An open-source pre-processing library that sits between user uploads and your application. Every file is destroyed from scratch — whatever was hiding doesn't survive the trip.
A JPEG can carry executable shellcode in its metadata. An MP3 can embed scripts in ID3 tags. An MKV can smuggle payloads inside codec headers. Most applications just accept these files, validate the MIME type, and hope for the best.
Hope is not a security strategy.
Not scanning. Not parsing. Not stripping. Re-encoding. The original byte stream is obliterated. What comes out is a new file — structurally unrecognizable to the original.
PNG, JPEG, WebP, GIF — re-encoded through OpenCV. The original byte stream is obliterated. Every injected payload, every steganographic trick, every malformed header — gone.
MP3, OGG, FLAC, WAV, AIF, AU, MP4, MKV, WebM, MOV — decoded and re-encoded through FFmpeg. Codec-validated, bitrate-checked, rebuilt from decoded data.
Plain text, JSON, logs — normalized through Unicode normalisation and entity escaping. HTML injection, shell command injection, and downstream script execution are neutralized.
Six rules that govern every line of code.
Not the filename. Not the extension. Not the MIME type. Not the magic bytes. Every file is hostile until validated against a whitelist and re-encoded through a controlled pipeline.
Blacklists are a losing game. There’s always a new exploit, a new encoding trick. If it’s not on the whitelist, it doesn’t get in. Period.
A sanitisation layer that slows down uploads is a sanitisation layer that gets disabled.

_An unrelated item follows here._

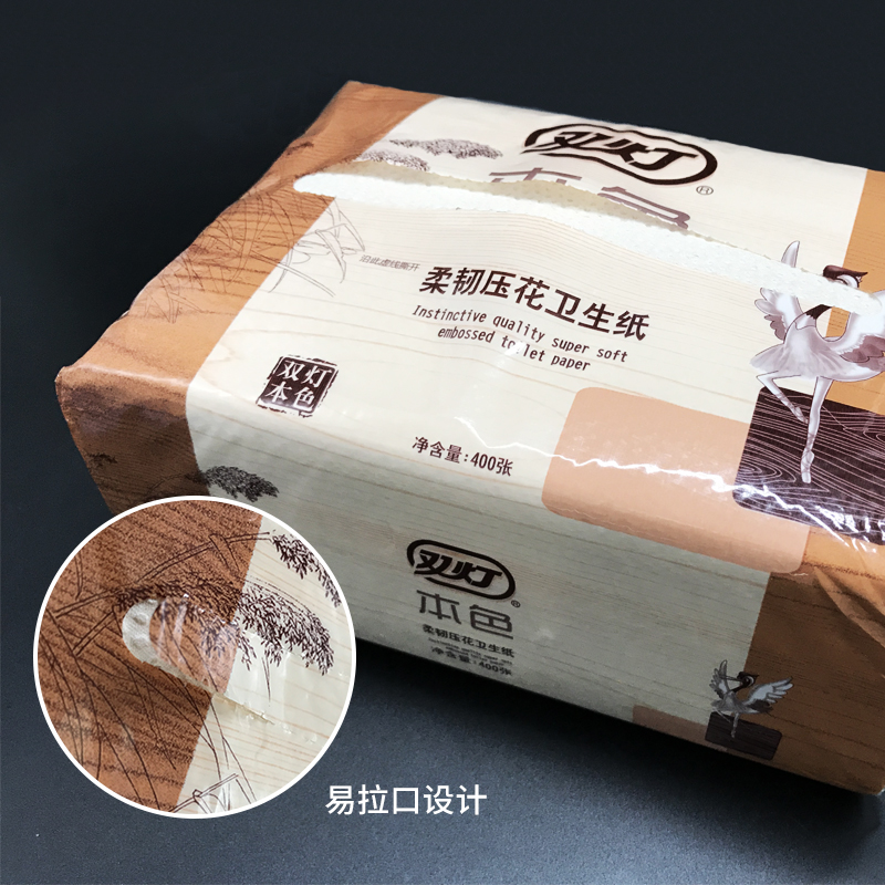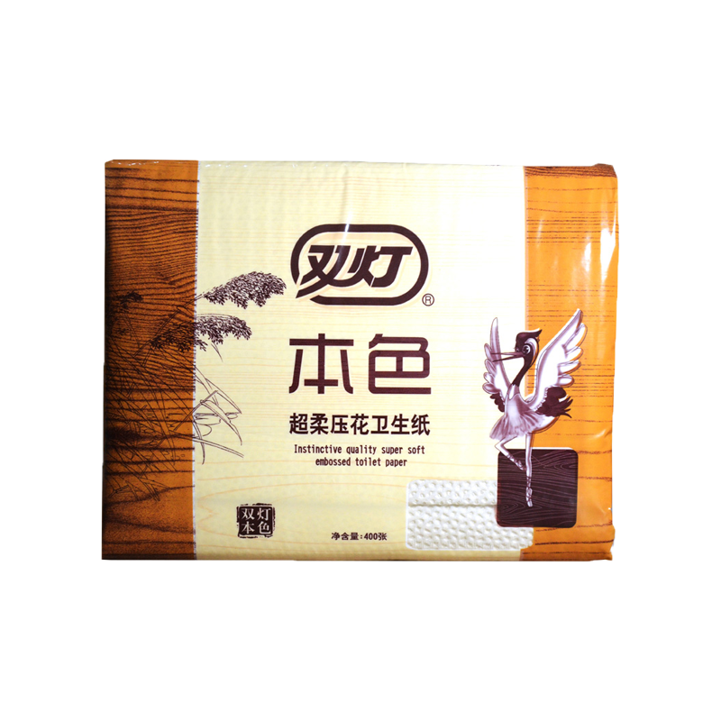 双灯卫生纸厕纸本色压花400张5包

The pipeline must be fast enough to be invisible to the user. That’s the target.
Unknown format, corrupted headers, oversized file — the answer is always reject. A false rejection is an inconvenience. A false acceptance is a breach.
Every line of code is an attack surface. Every dependency is a supply chain risk. We use OpenCV and FFmpeg because nobody writes their own codecs. Everything else is our code — readable, auditable, explainable.

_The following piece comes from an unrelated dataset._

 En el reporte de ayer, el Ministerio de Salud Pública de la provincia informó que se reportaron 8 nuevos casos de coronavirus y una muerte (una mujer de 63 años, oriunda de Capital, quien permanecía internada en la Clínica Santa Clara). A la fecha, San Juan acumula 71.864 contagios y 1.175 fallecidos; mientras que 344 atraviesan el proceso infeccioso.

Closed-source security is a contradiction. If you can’t read the code, you can’t verify the claims. We ship source. We document decisions. We welcome scrutiny.

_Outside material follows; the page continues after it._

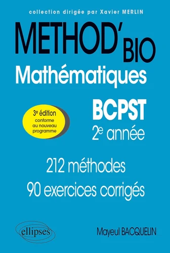Méthod'bio BCPST2 est le seul livre "six en un" qui a compilé, en 450 pages, 13 chapitres et 212 méthodes (à peu près ! ) : - toutes les méthodes en analyse, en algèbre, en probabilités ; - les conseils et les critiques des examinateurs ; - les erreurs à éviter ; - les astuces pour débloquer toutes les situations inextricables ; - des exemples et 90 exercices incontournables ; - des révisions intelligentes et efficaces de la première année.

Every stage is a gate. Fail any gate, the file is rejected. Pass all gates, the file is re-encoded. The re-encoding is the actual sanitisation — everything before it is defence in depth.
Security teams who need an auditable, measurable layer. Solo builders who can't afford a security team but can't afford a breach either. Anyone who's looked at a user-uploaded file and thought: what's actually in this thing?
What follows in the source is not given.